Knowledge-Based Systems ( IF 7.2 ) Pub Date : 2019-10-16 , DOI: 10.1016/j.knosys.2019.105118 Jin Xiao , Xu Zhou , Yu Zhong , Ling Xie , Xin Gu , Dunhu Liu
Only a few customers can be labeled in realistic credit-scoring problems, while many other customers cannot. Further, satisfactory performance is difficult, as traditional supervised learning methods can only use labeled samples to build credit-scoring models. Semi-supervised learning (SSL) can use both labeled and unlabeled samples to solve this problem, but existing credit-scoring research has primarily constructed single semi-supervised models. This study introduces SSL, cost-sensitive learning, a group method of data handling (GMDH), and an ensemble learning technique to propose a GMDH-based cost-sensitive semi-supervised selective ensemble (GCSSE) model. This involves two stages: (1)First, train an ensemble model composed of base classifiers on the initial training set with class labels, use it to selectively label the samples from the dataset without class labels, add them with their predicted labels to the training set, and update the base classifiers on the new training set; (2)Second, classify and the test set using the respective trained base classifiers, and construct a cost-sensitive GMDH neural network to obtain the selective ensemble classification results for the test set.

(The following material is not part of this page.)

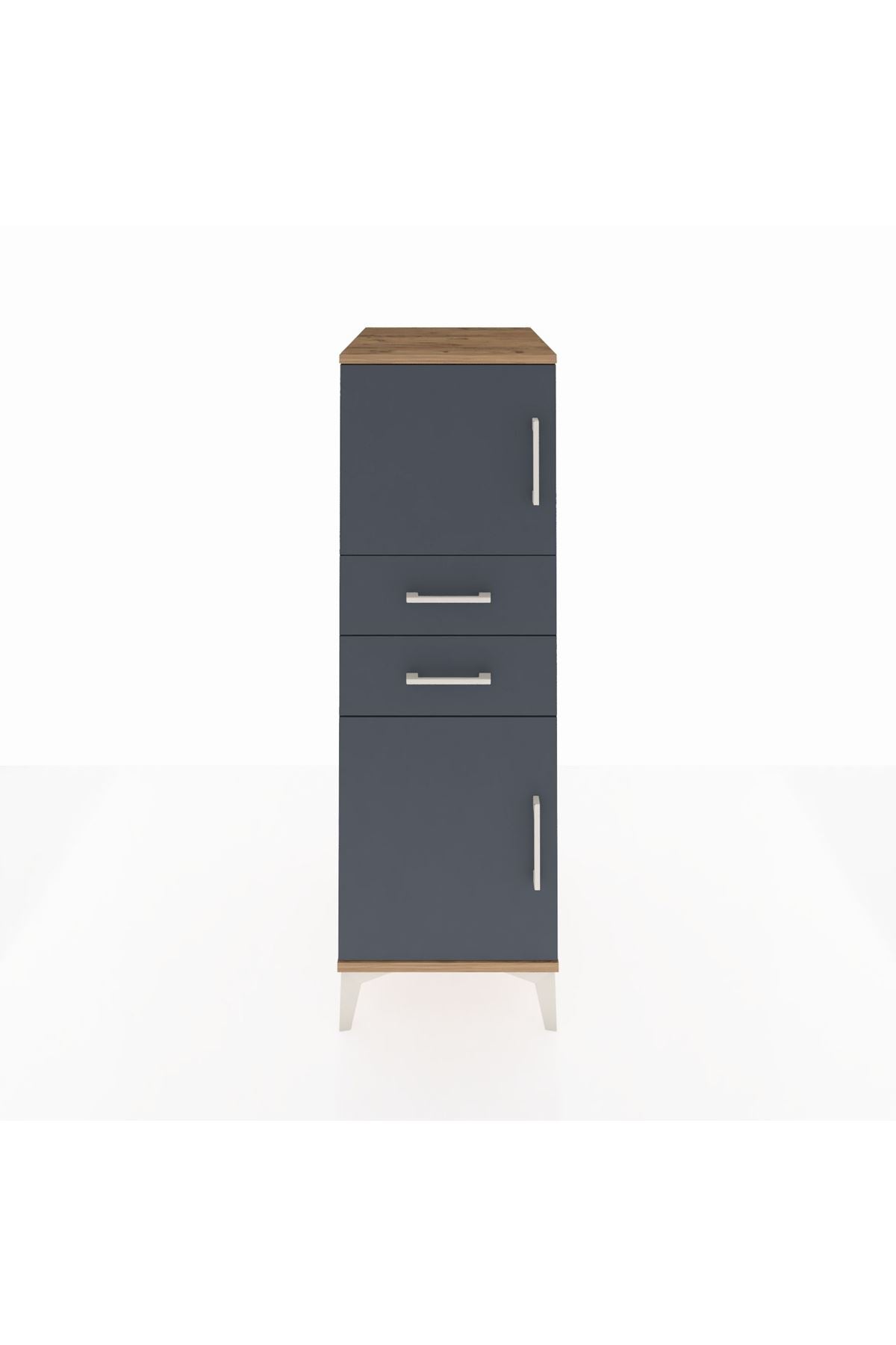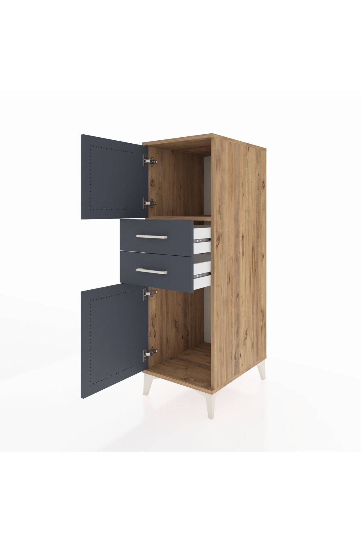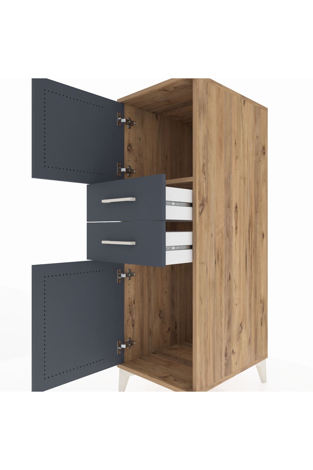 Kronos Dolap Tek Raflı 2 Çekmeceli 2 Kapaklı 44x59x134 Çam-Antrasit

Experimental comparisons of five public customer credit score datasets and an empirical analysis of a real customer credit score dataset suggest that this model exhibits the best overall credit-scoring performance compared with one supervised ensemble model and three semi-supervised ensemble models.
中文翻译:
成本敏感的半监督选择性集成模型用于客户信用评分
在现实的信用评分问题中,只有少数客户可以被标记,而其他许多客户则不能。此外,由于传统的监督学习方法只能使用标记的样本来建立信用评分模型,因此很难获得令人满意的性能。半监督学习(SSL)可以使用标记的样本和未标记的样本来解决此问题,但是现有的信用评分研究主要构建了单个半监督模型。本研究介绍了SSL,成本敏感型学习,数据处理的分组方法(GMDH)和集成学习技术,以提出基于GMDH的成本敏感型半监督选择性集成(GCSSE)模型。这涉及两个阶段:(1)首先,训练由 基于初始训练集的分类器 使用类别标签,使用它来选择性地标记数据集中的样本 没有班级标签的人,请将其带有预测标签的人添加到训练集中,然后更新 基于新训练集的分类器;(2)第二,分类并使用各自训练有素的基本分类器对测试集进行分类,并构建一个成本敏感的GMDH神经网络,以获得测试集的选择性整体分类结果。对五个公共客户信用评分数据集进行的实验比较和对真实客户信用评分数据集的经验分析表明,与一个监督集成模型和三个半监督集成模型相比,该模型展现出最佳的总体信用评分性能。